I am here to tell you, nobody deserves to suffer. You are more than your circumstance, and there is always a way out. Sometimes, you have to fight like hell, but I promise you, there is a light at the end of the tunnel. Everyone says that life is short, but I think that discredits time spent suffering. I know there are people who look at me, and judge the life that I live. But you know, I wouldn’t challenge these people to try on the shoes that I have once walked in, because they have trekked through a dark, painful, and treacherous past.

Yes, life is short, and there will be suffering that we cannot control. That is inevitable. But we must recognize the things that we can work at— with mental health being at the top of this list. Sometimes, this means making hard decisions, and doing things we don’t want to do— such as seeking treatment. The ratio of those who would benefit from speaking with a mental health professional and those who actually do is incredibly skewed— which I personally think is a MAJOR underlying reason behind many of the problems in our world as a whole, but I digress.

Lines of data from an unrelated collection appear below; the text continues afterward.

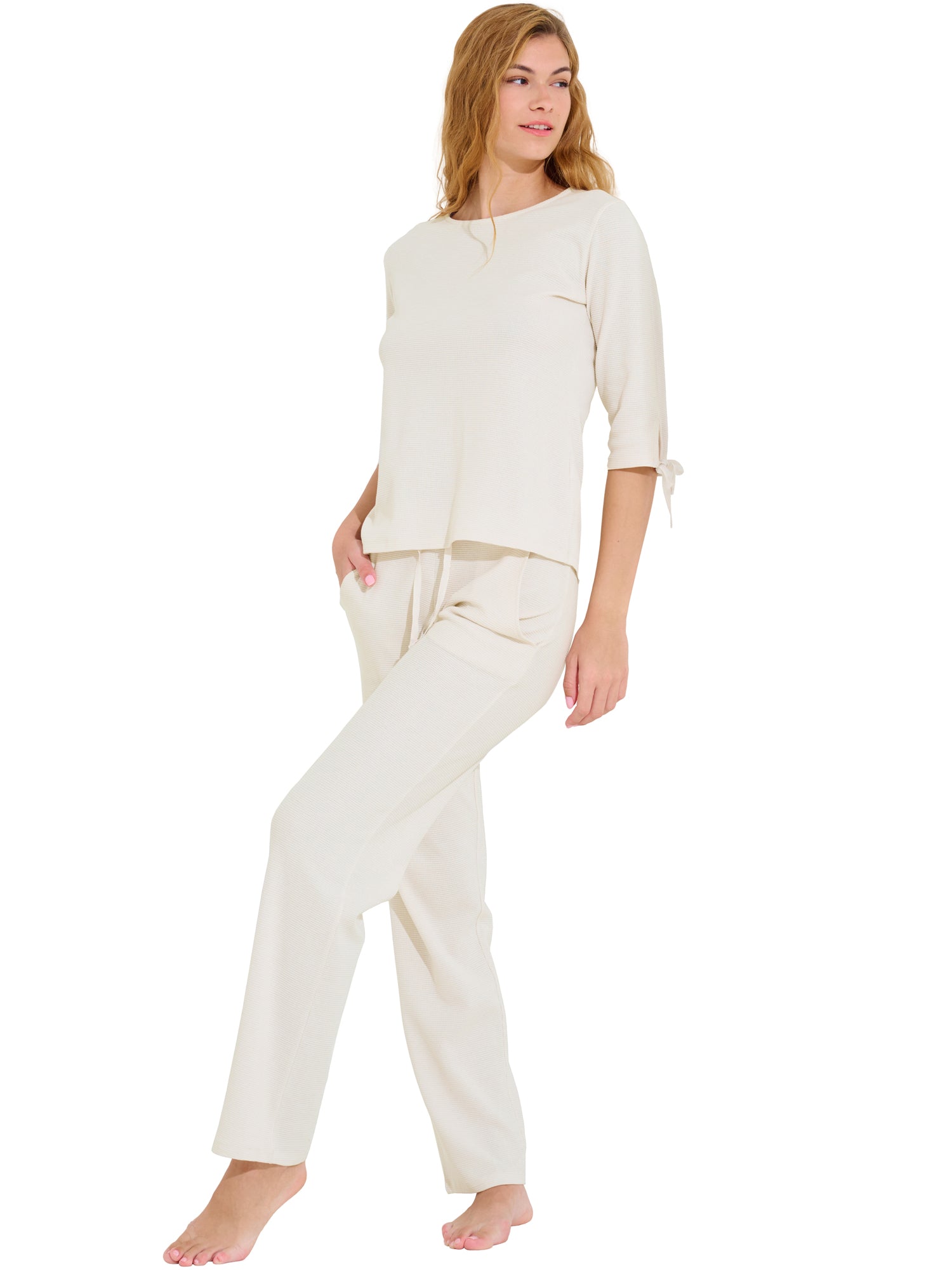 Design : Ensemble composé d'un haut à manches trois-quarts et d'un pantalon long. Le top est facile à porter avec une coupe confortable et son encolure ronde. Il est orné d'un cordon décoratif sur les manches. Le bas est un pantalon long à coupe droite, avec une large ceinture élastique et un cordon de fermeture pour un ajustement parfait. Poches pratiques sur les côtés.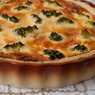 Place the broccoli and fish on the pie crust. Pour the egg and sour cream mixture over the filling and bake for 40–45 minutes.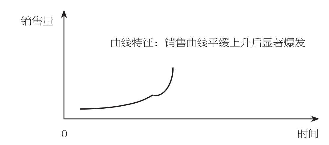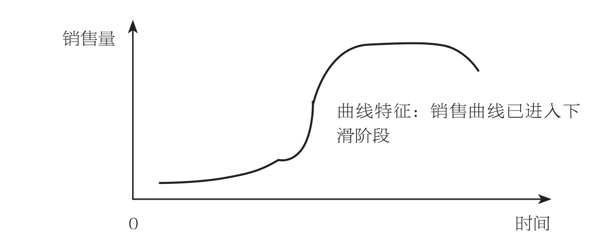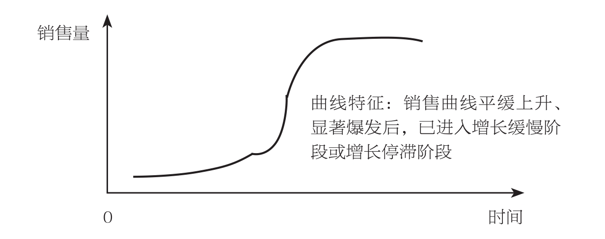 此时我们需要统计一下目标企业所在行业历年的市场销售数据,然后绘制成曲线图。绘制出来的曲线图(见下面四个图)在总体表现上一定是符合行业(产品)生命周期曲线特征的,只要查看其符合哪一种特征就知道其所处行业属于哪个阶段。
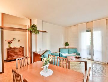 Le due camere matrimoniali, di cui una con balcone, offrono spazio sufficiente per tutta la famiglia. I due bagni, uno dei quali con lavanderia annessa, garantiscono funzionalità e comodità. Sebbene l'appartamento sia in discrete condizioni, necessita di alcuni interventi manutentivi o una revisione estetica per esprimere al meglio il suo potenziale.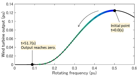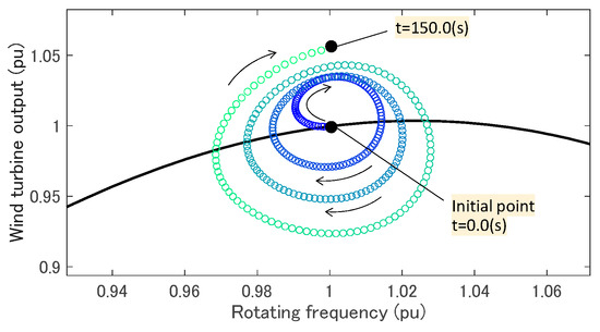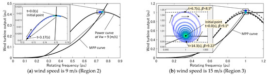 Figure 7 reveals the trajectory of the operational point of the WTG. At a low wind speed of 9 m/s, as shown in Figure 7a, the operational point drops along the power curve and subsequently returns to the initial point, as explained in Section 3, Figure 4a. At a high wind speed of 15 m/s, as shown in Figure 7b, the operational point converges to the initial point while describing a spiral, as explained in Section 3, Figure 4b. Thus, the behavior of the operational point in the recovery process is confirmed to be consistent with the assumption made in Section 3.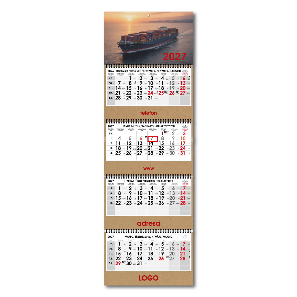 Formát kalendária: 295 x 135 mm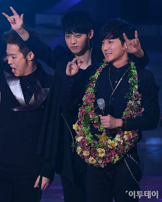엠넷 대국민 오디션 '슈퍼스타 K4' 결승무대가 23일 서울 잠실실내체육관에서 열린 가운데 우승을 차지한 로이킴이 동료들의 축하를 받고 있다. 이날 로이킴이 딕펑스와 치열한 결승무대를 벌인 끝에 최종 우승을 차지하게 됐다.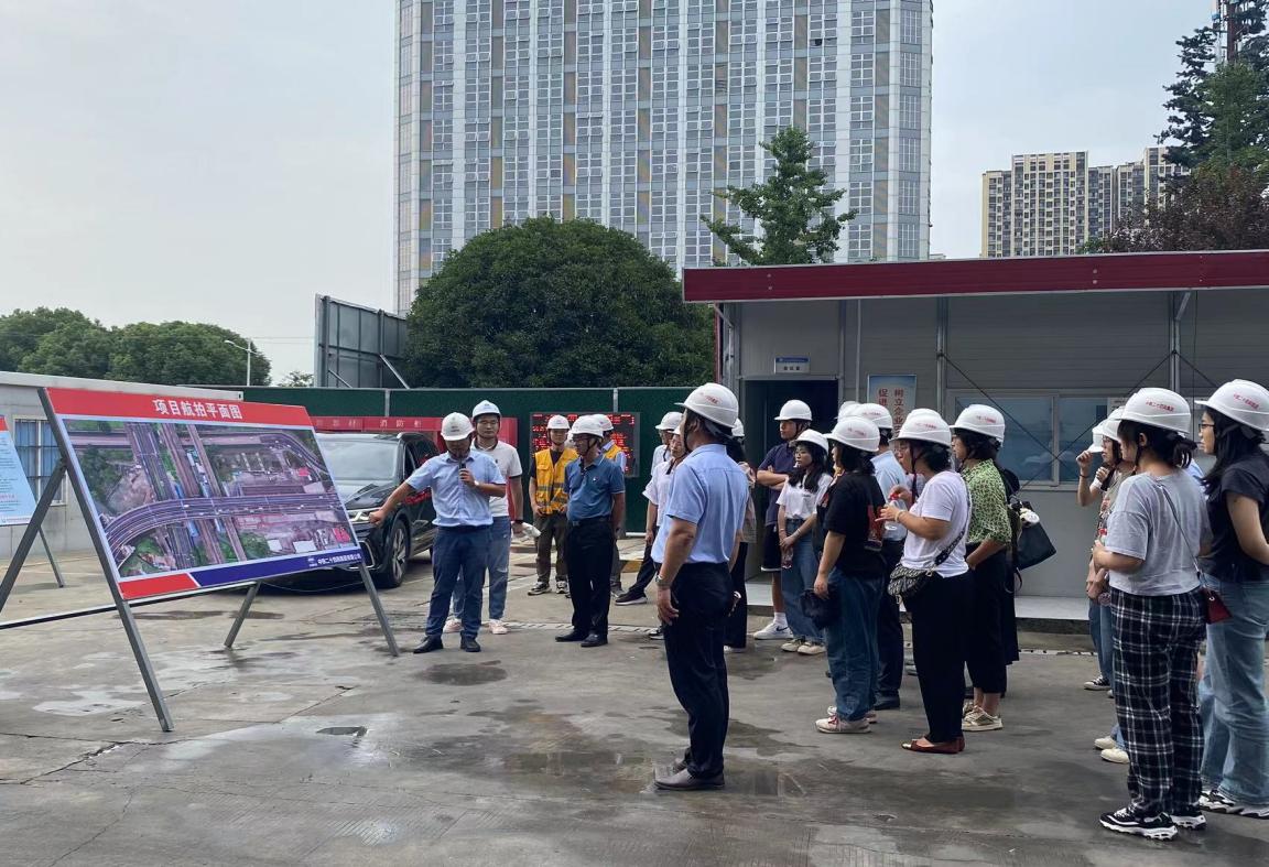 研学党员在中铁二十四局工程技术人员的引导下来到位于姑苏区虎泉路的西环高架北延工程项目施工现场,西环快速路是苏州城区南北向重要的交通主干线,承载了大量的跨区域跨组团交通出行量,项目部经理王扇良向大家介绍了西环高架北延工程施工的重要意义、施工难度、施工进度等。据介绍,跨铁路建桥大大增加了该项目的施工难度和技术难度,同时在铁路上方施工还须保障铁路正常运行,对涉铁路段施工工艺、采用架桥机架梁施工等要求更高。项目总工程师刘锋向研学成员详细介绍了架桥机的构成和施工原理,并带领研学成员进入高架桥顶部,实地勘察了架桥机、施工情况等。西环高架北延工程的完成,将大大缓解苏州跨区域出行交通压力,成为展示苏州魅力的新“窗口”。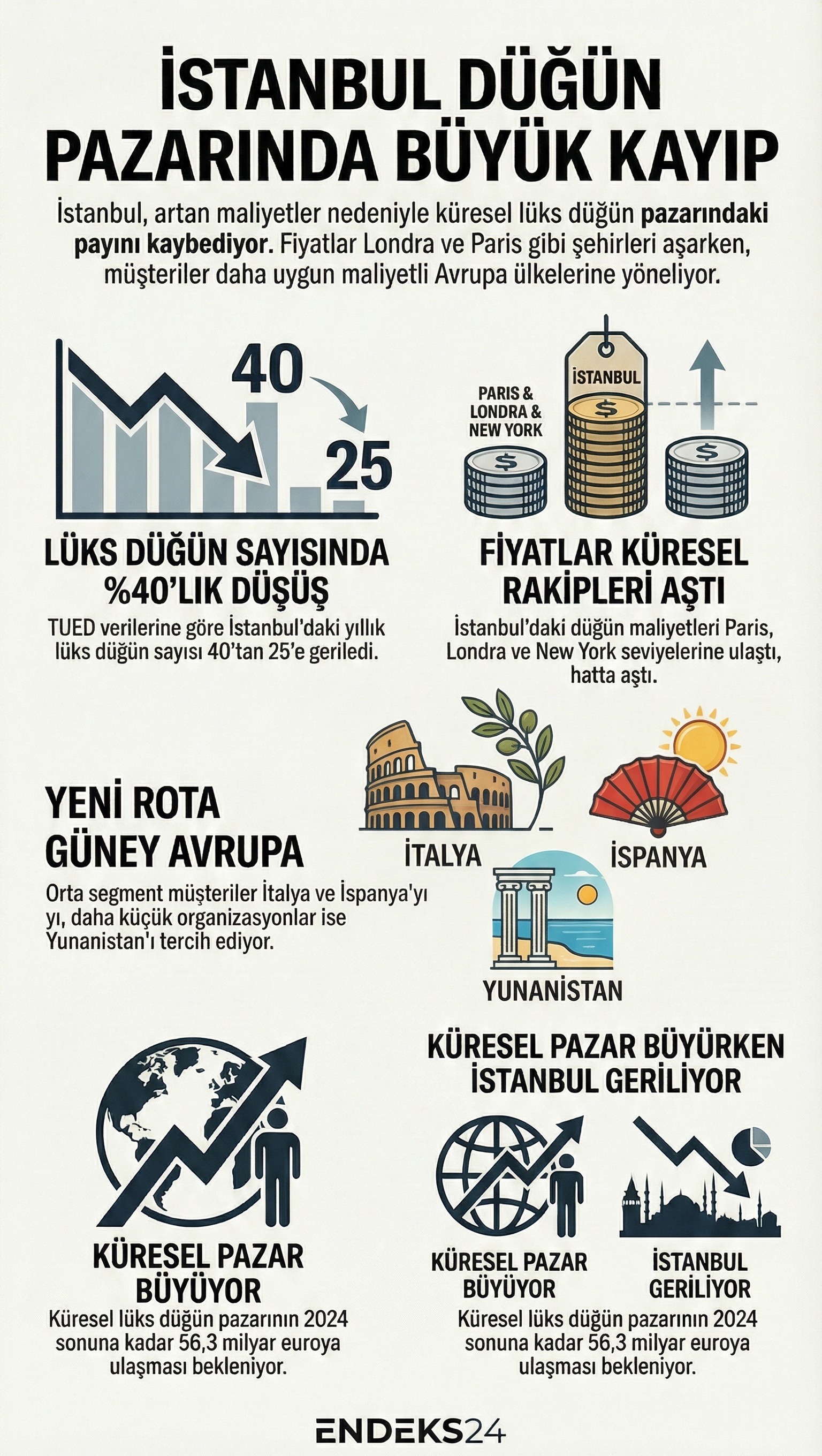Küresel lüks düğün pazarı büyürken İstanbul’da orta segment başta olmak üzere talepte gerileme yaşanıyor. Türkiye Uluslararası Etkinlikler Derneği (TUED) verilerine göre fiyatların Londra, Paris ve New York seviyelerini aşması, orta ölçekli düğünlerin ülkeyi terk etmesine neden oldu.

The fact that #WorldMentalHealthDay is trending is a victory for the entire world. Between the election, clowns, and everything in between, we can scroll through a feed of support for those who know what it is like to fight an internal battle. Today is a day that we recognize the warriors who have overcome wars within themselves, and more importantly, letting it be known that you are not alone. There may not always be answers, but there is always someone who will listen to you. Who will understand you. Who will support you. Who will let you know, you are not crazy. No one deserves to feel that the weight of the world is resting on their shoulders. No one deserves to think that “grinning and bearing it” is any way to get through life. You deserve happiness. You deserve mental freedom. You are entitled to your health.